* **RECORDED INFORMATION**
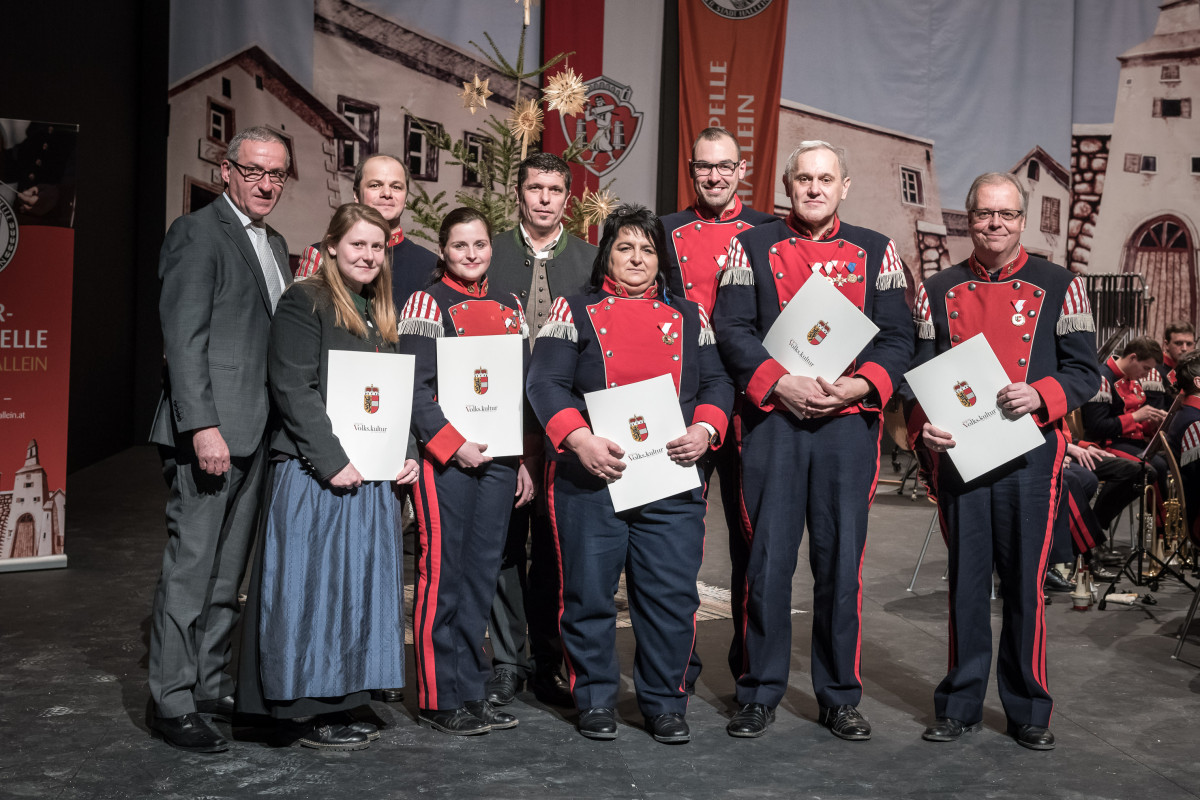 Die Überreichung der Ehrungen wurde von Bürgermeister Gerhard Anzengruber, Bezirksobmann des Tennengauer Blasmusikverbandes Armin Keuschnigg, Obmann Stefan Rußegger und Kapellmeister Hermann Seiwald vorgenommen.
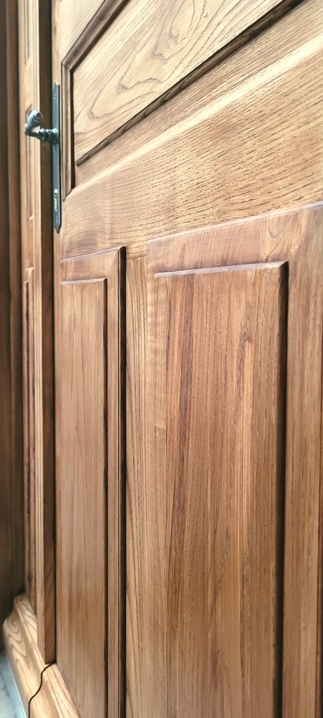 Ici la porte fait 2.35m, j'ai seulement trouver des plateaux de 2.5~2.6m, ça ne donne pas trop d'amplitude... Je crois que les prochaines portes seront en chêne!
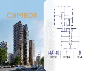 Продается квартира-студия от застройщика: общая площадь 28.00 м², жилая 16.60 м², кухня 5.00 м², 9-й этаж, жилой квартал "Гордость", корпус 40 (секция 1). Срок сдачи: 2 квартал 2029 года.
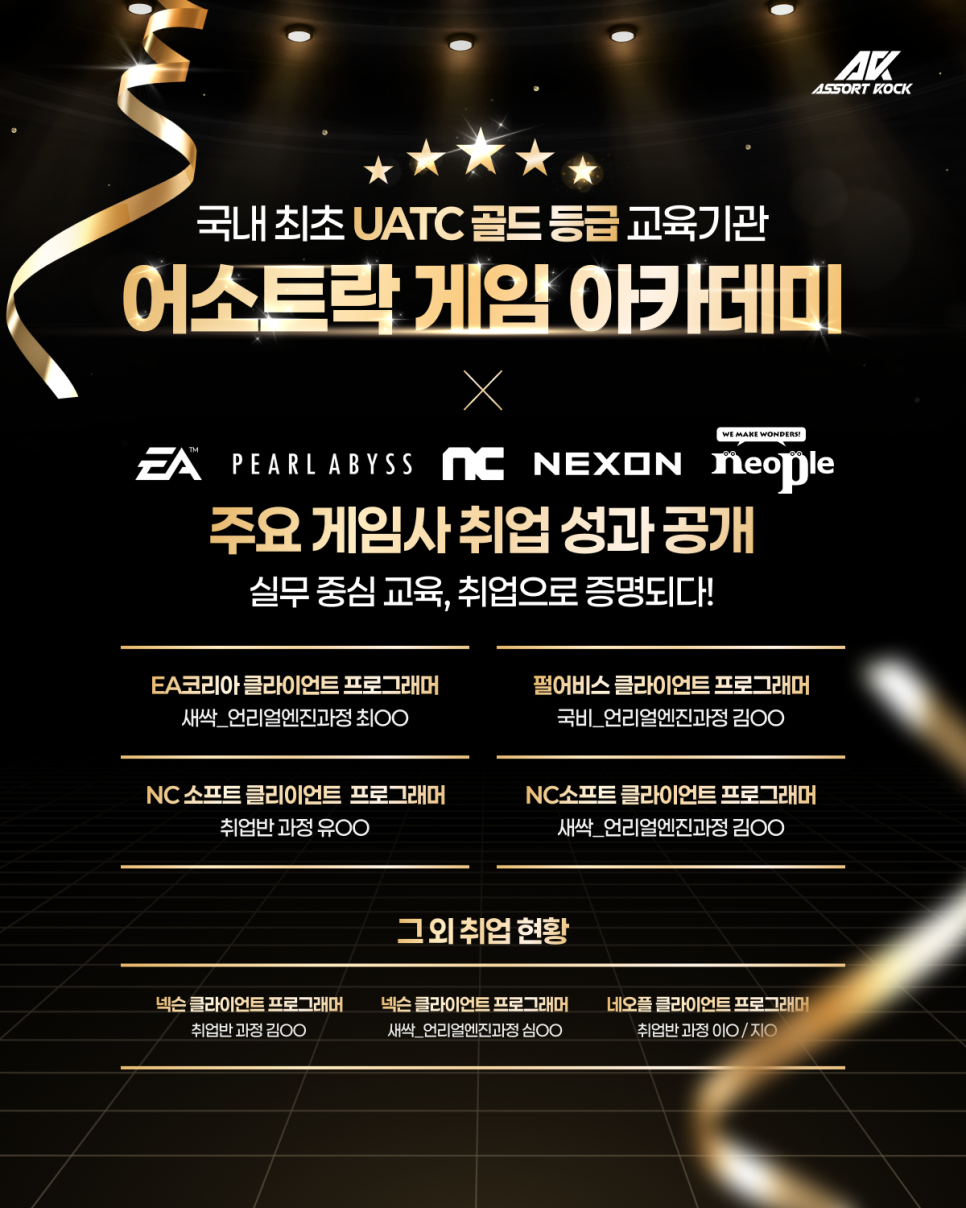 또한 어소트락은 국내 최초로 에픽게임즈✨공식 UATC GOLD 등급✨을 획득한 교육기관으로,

* **AIM OF THE TASK**
Only those lines from the one containing "Ici la porte" to the end of the material above, retyped exactly and without pictures, belong in your reply.

* **EXPECTED ANSWER**
 Ici la porte fait 2.35m, j'ai seulement trouver des plateaux de 2.5~2.6m, ça ne donne pas trop d'amplitude... Je crois que les prochaines portes seront en chêne!
 Продается квартира-студия от застройщика: общая площадь 28.00 м², жилая 16.60 м², кухня 5.00 м², 9-й этаж, жилой квартал "Гордость", корпус 40 (секция 1). Срок сдачи: 2 квартал 2029 года.
 또한 어소트락은 국내 최초로 에픽게임즈✨공식 UATC GOLD 등급✨을 획득한 교육기관으로,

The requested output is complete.